Collected data:
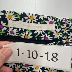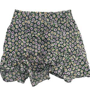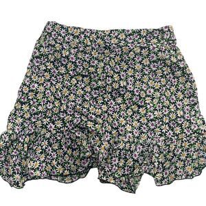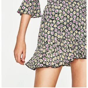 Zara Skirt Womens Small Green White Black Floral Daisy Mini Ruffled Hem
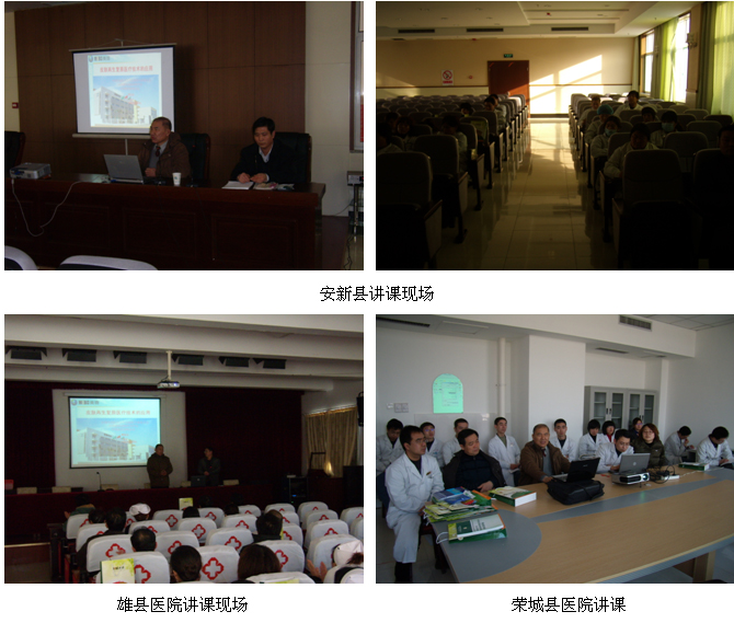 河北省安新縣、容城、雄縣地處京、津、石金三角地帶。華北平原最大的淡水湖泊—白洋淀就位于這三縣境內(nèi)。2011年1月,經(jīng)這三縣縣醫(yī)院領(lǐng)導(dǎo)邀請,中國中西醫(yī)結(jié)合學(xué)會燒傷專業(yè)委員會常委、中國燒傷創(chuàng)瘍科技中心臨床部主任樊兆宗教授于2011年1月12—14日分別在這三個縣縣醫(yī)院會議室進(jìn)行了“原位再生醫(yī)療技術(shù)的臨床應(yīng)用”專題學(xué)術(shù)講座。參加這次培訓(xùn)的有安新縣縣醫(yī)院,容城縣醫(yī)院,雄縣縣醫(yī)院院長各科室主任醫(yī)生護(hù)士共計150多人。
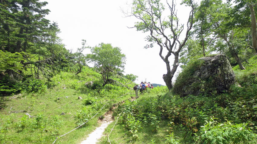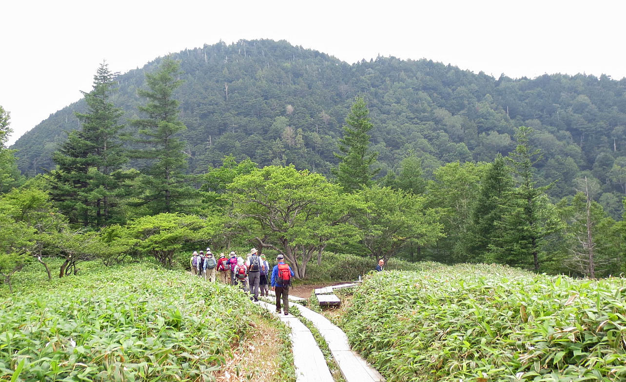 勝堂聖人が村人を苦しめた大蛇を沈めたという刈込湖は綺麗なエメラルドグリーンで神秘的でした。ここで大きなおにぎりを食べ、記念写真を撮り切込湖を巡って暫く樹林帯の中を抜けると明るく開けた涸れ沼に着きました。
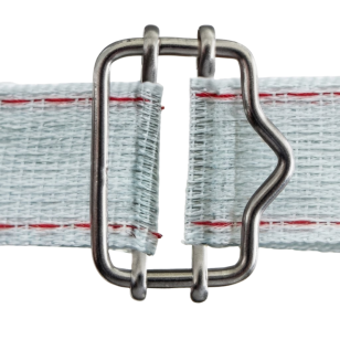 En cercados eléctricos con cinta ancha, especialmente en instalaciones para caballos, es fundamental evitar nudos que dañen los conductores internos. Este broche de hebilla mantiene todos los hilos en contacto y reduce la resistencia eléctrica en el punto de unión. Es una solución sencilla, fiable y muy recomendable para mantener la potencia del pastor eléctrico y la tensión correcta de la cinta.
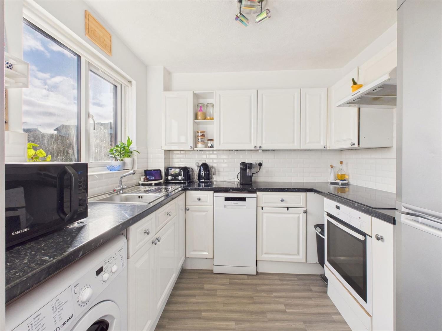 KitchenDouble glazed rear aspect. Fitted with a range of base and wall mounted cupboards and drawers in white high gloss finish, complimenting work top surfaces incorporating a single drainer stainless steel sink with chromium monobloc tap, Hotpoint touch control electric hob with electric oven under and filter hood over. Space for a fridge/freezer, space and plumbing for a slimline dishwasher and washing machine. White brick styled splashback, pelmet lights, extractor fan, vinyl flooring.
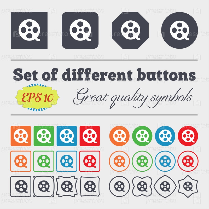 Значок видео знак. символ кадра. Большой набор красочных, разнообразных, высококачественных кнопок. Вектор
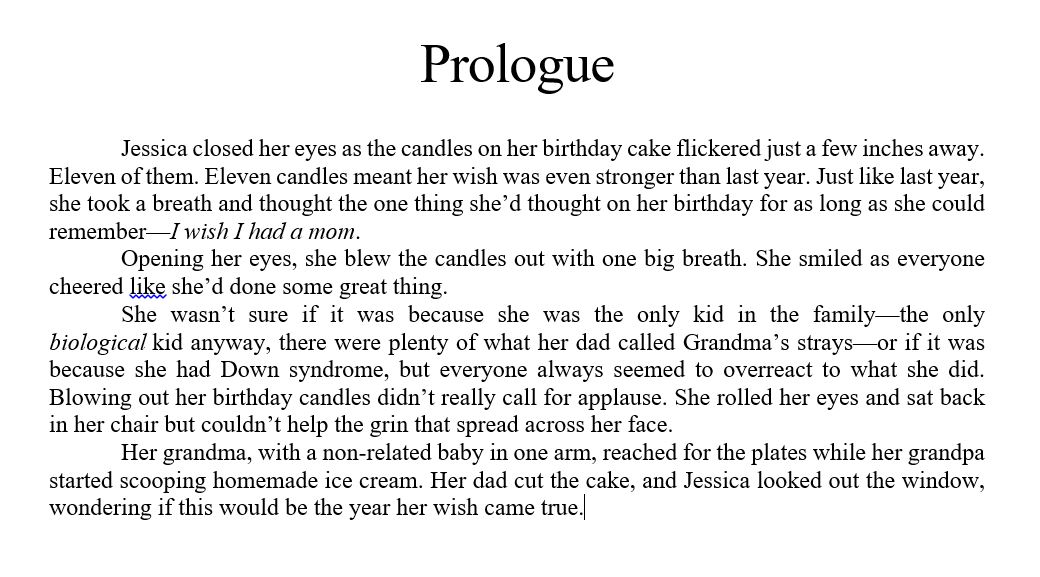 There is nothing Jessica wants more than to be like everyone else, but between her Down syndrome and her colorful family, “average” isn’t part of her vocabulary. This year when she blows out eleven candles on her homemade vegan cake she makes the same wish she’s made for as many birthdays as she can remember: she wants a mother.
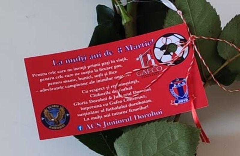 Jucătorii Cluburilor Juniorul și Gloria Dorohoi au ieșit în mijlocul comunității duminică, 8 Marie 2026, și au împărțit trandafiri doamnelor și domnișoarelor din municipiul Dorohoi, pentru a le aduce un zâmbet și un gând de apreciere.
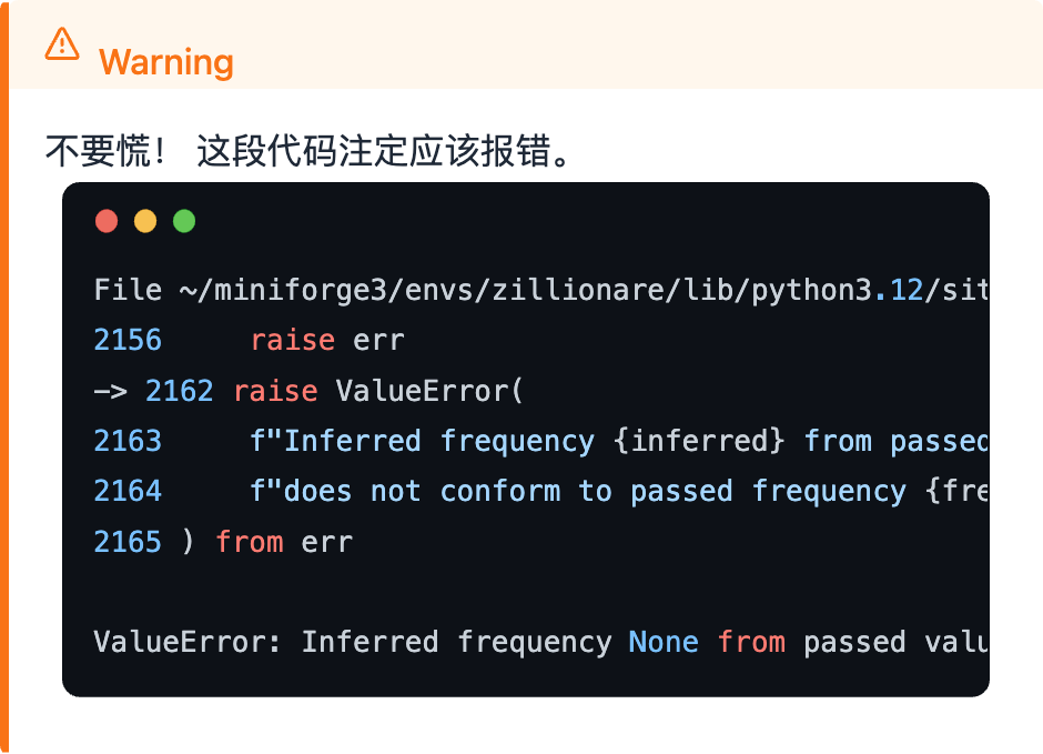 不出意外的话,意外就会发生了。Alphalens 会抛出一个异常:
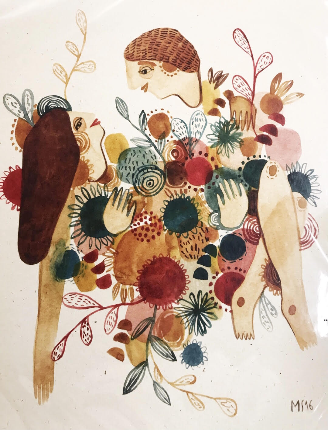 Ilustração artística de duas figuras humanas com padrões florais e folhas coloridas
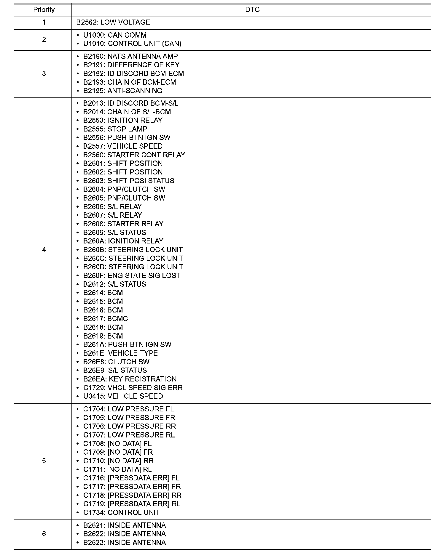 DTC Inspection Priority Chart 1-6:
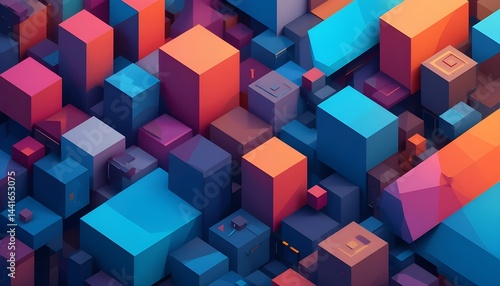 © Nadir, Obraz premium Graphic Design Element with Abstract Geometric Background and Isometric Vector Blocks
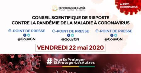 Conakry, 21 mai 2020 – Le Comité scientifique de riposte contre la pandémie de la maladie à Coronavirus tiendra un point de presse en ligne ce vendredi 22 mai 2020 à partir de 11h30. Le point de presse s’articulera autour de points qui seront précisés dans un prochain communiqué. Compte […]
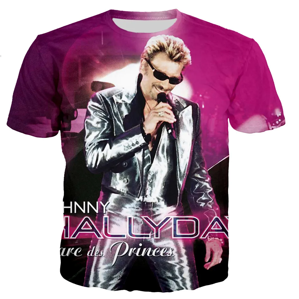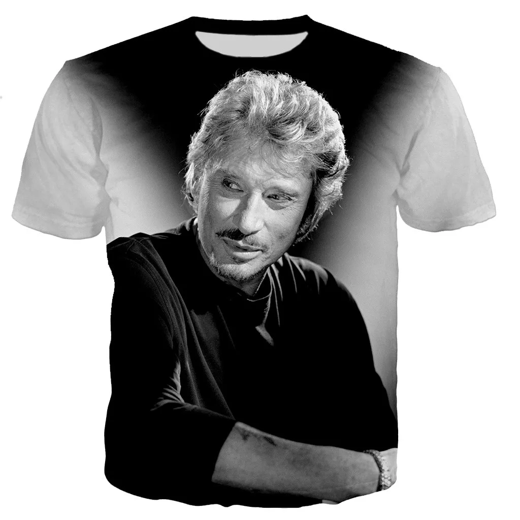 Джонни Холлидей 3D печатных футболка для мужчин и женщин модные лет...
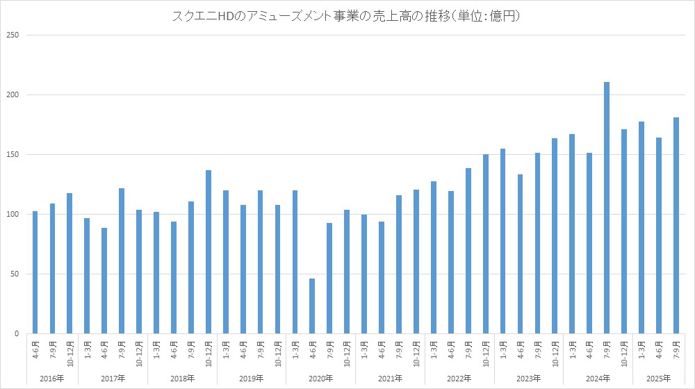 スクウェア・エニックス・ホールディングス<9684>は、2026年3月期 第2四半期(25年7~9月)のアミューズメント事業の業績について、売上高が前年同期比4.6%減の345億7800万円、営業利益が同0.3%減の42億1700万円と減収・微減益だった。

> [Task to complete] The answer must consist only of the lines from the beginning of the entries above through the line that holds "勝堂聖人が村人を苦しめた大蛇", reproduced exactly and without pictures.

> [Response for this exercise]
 Zara Skirt Womens Small Green White Black Floral Daisy Mini Ruffled Hem
 河北省安新縣、容城、雄縣地處京、津、石金三角地帶。華北平原最大的淡水湖泊—白洋淀就位于這三縣境內(nèi)。2011年1月,經(jīng)這三縣縣醫(yī)院領(lǐng)導(dǎo)邀請,中國中西醫(yī)結(jié)合學(xué)會燒傷專業(yè)委員會常委、中國燒傷創(chuàng)瘍科技中心臨床部主任樊兆宗教授于2011年1月12—14日分別在這三個縣縣醫(yī)院會議室進(jìn)行了“原位再生醫(yī)療技術(shù)的臨床應(yīng)用”專題學(xué)術(shù)講座。參加這次培訓(xùn)的有安新縣縣醫(yī)院,容城縣醫(yī)院,雄縣縣醫(yī)院院長各科室主任醫(yī)生護(hù)士共計150多人。
 勝堂聖人が村人を苦しめた大蛇を沈めたという刈込湖は綺麗なエメラルドグリーンで神秘的でした。ここで大きなおにぎりを食べ、記念写真を撮り切込湖を巡って暫く樹林帯の中を抜けると明るく開けた涸れ沼に着きました。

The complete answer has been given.